Le style d’écriture est léger, doux et fluide. Malgré l’aspect tragique et malheureux de ce récit, l’auteur ne sombre pas dans le pathétique ni la colère. Au contraire, il jette un regard teinté d’ironie et d’humour. Le roman se lit très vite et convient aux adultes comme aux adolescents. Ces derniers risquent d’être touchés par toutes ces injustices, donc à mon avis, c’est bien s’ils peuvent échanger avec un adulte sur leurs impressions après cette lecture.
À lire ? Pourquoi pas ?

Un fils en or

Fiche identité

  • Titre du livre : Un fils en or
  • Auteur : Shilpi Somaya Gowda
  • Nombre de pages : 544
  • Édition : Folio
  • Année de publication : 2015

Résumé

Anil Patel est le fils aîné d’une famille de propriétaires terriens en Inde. Grâce à son assiduité dans les études, il réussit à partir aux Etats-Unis pour étudier la médecine dans un hôpital de Dallas.
Quant à Leena, sa voisine et amie proche, ses parents lui organisent un mariage arrangé. Ce roman raconte le destin croisé de ces deux personnages.

Avis     

Ce livre est une belle histoire à propos de la société contemporaine indienne. Il nous montre à quel point la pression sociale est forte en Inde, surtout celle exercée par les parents sur leurs enfants.
L’auteur évoque l’expérience de l’immigration et de l’exil. Anil, parce qu’il est le fils aîné sur qui se fonde tous les espoirs de la famille, part étudier la médecine aux Etats-Unis.

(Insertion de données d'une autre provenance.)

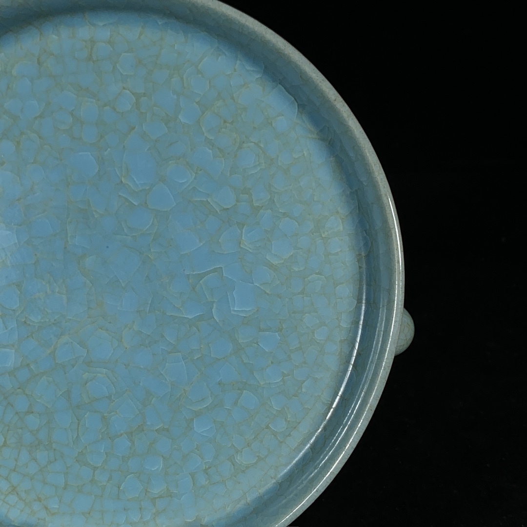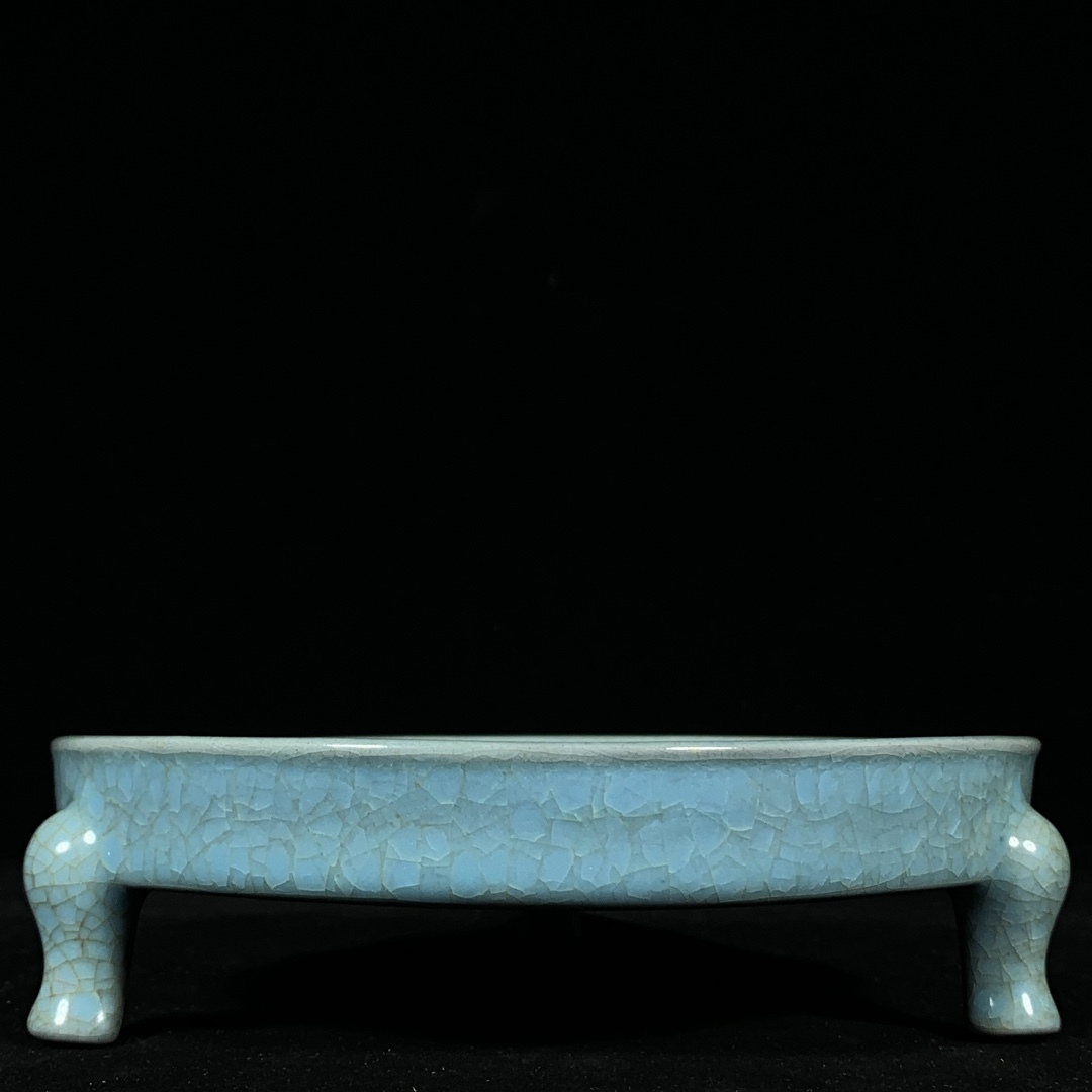 宋時代 汝窯 冰裂紋 三足洗 筆洗 書道具 極細工 古賞物 古美味 東洋彫刻 時代物 骨董 中国古美術

Mais est-ce vraiment son rêve et son choix ? Son père l’a poussé dans cette voie depuis sa plus tendre enfance et lui n’a jamais douté de cette vocation. Arrivé là-bas, plein d’espoirs et de rêves, il fait face à plusieurs difficultés : le rythme à l’hôpital est ardu, les différences culturelles sont fortes et il peine à s’adapter à ce monde nouveau. Anil a du mal à trouver sa place, que ce soit chez sa famille en Inde ou dans son pays d’accueil. Finalement, il n’appartient ni à l’un ni à l’autre, mais tente de concilier difficilement ces deux cultures diamétralement opposées. Je me suis sentie proche de lui, car j’ai plus ou moins vécu ce type d’expérience et cette sensation d’exil permanent est troublante.
À travers ce roman, l’auteur dénonce également les conditions des femmes en Inde. Leena, parce que c’est une fille, doit être mariée. Pourquoi ? C’est une habitude culturelle donc ses parents ont arrangé son mariage en payant une dot conséquente. Elle n’aura croisé son époux qu’une fois avant leurs noces. Mais elle sera victime de violences conjugales. Fuir est une option peu envisageable, car elle risque d’entraîner le déshonneur sur sa famille. Sa situation est révoltante et écœurante ! Combien de femmes subissent encore ce type de traitement de nos jours ? C’est honteux !
À travers ce livre, on découvre aussi les us et coutumes de la société indienne comme l’arbitrage qui est une forme de justice populaire dans les villages éloignés, les bons plats indiens qui donnent l’eau à la bouche, les modes de vie dans les campagnes qui sont régis par le système des castes et des richesses.
Le style d’écriture est agréable, doux et fluide. Malgré des passages assez durs, l’auteur ne sombre pas dans le pathétique, mais adopte un ton sensible et mesuré. Dès les premiers chapitres, nous sommes rapidement dans l’ambiance et comme un voyageur, nous naviguons au gré des chapitres entre l’Inde et le Texas. Les personnages sont attachants. On tremble pour eux, on les comprend et on a envie d’entrer dans le livre pour les aider de toutes nos forces.
Pour conclure, je recommande absolument ce roman aux amoureux de l’Inde, aux lecteurs en quête d’une histoire sensible et réaliste !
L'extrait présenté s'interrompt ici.